INPUT DATA
------------------------------

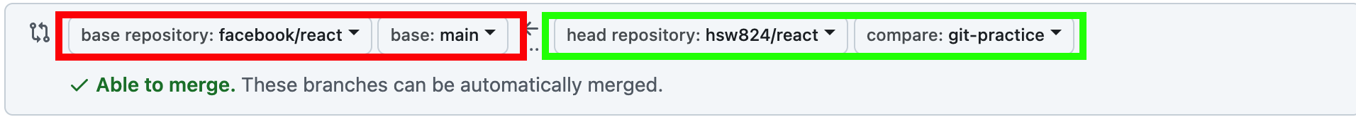 - 이제 pull request를 작성해서 원본 레파지토리 개발자한테 내가 작업한 내용을 코드에 반영해달라고 요청할 수 있다.(코드리뷰 요청)
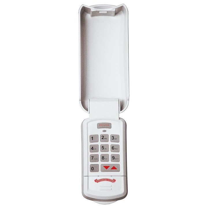 Overhead Door’s wireless garage keypad is the best outdoors option thanks to its weather-resistant plastic construction. The light-up buttons makes entry easy either during the day or night, and a low-battery alert ensures you won’t accidentally get stuck outside your home.
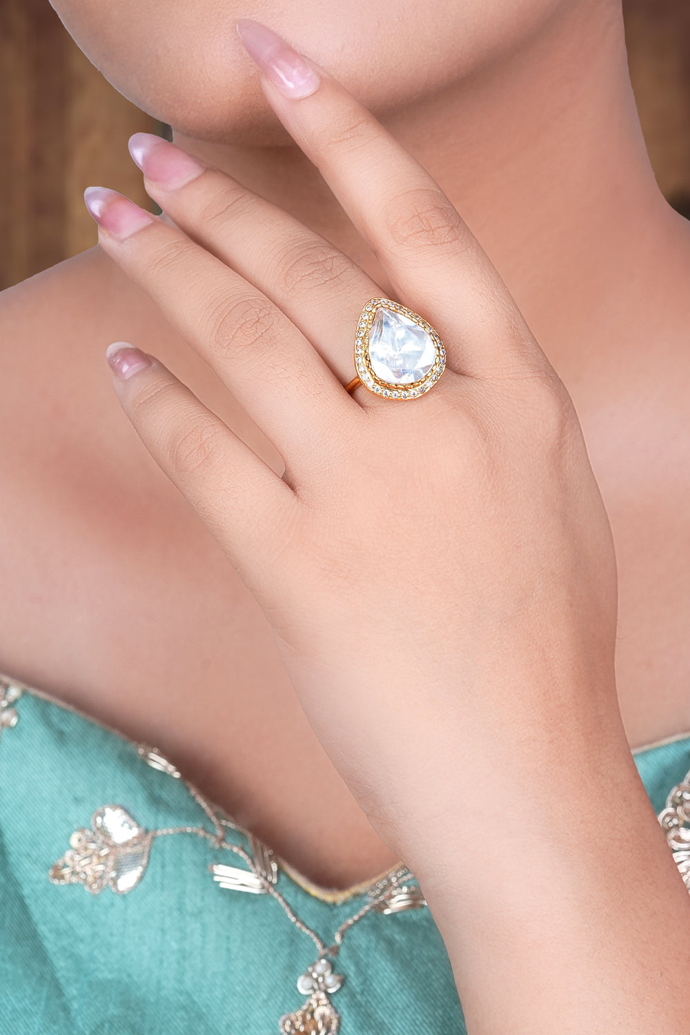 This Moissanite Polki ring embodies pure sophistication with its elegant teardrop design. The large Polki stone, resembling a drop of glistening dew, is framed by a halo of fine Zirconia, enhancing its glow and giving it a Royal yet Contemporary Charm. Set on a smooth gold-toned base, this ring captures the essence of luxury with a minimalistic approach. Perfect for women who love a bold, statement piece that speaks of heritage and grace.
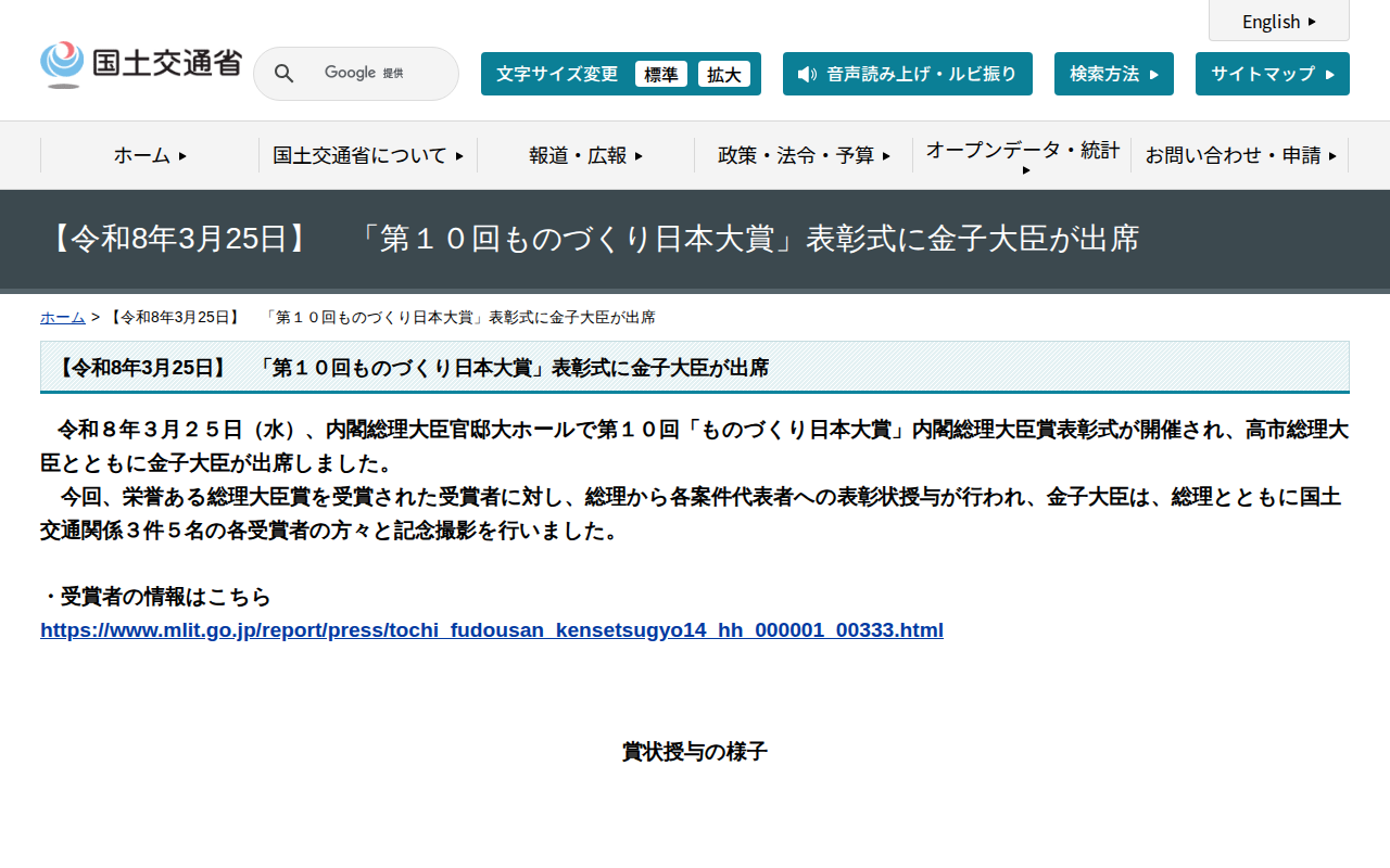【令和8年3月25日】 「第10回ものづくり日本大賞」表彰式に金子大臣が出席 - 国土交通省 - 保存されたスクリーンショット

------------------------------

Would you set down, word for word, the lines running from the one that contains "This Moissanite Polki" to the last line of the material, omitting all pictures?

 This Moissanite Polki ring embodies pure sophistication with its elegant teardrop design. The large Polki stone, resembling a drop of glistening dew, is framed by a halo of fine Zirconia, enhancing its glow and giving it a Royal yet Contemporary Charm. Set on a smooth gold-toned base, this ring captures the essence of luxury with a minimalistic approach. Perfect for women who love a bold, statement piece that speaks of heritage and grace.
【令和8年3月25日】 「第10回ものづくり日本大賞」表彰式に金子大臣が出席 - 国土交通省 - 保存されたスクリーンショット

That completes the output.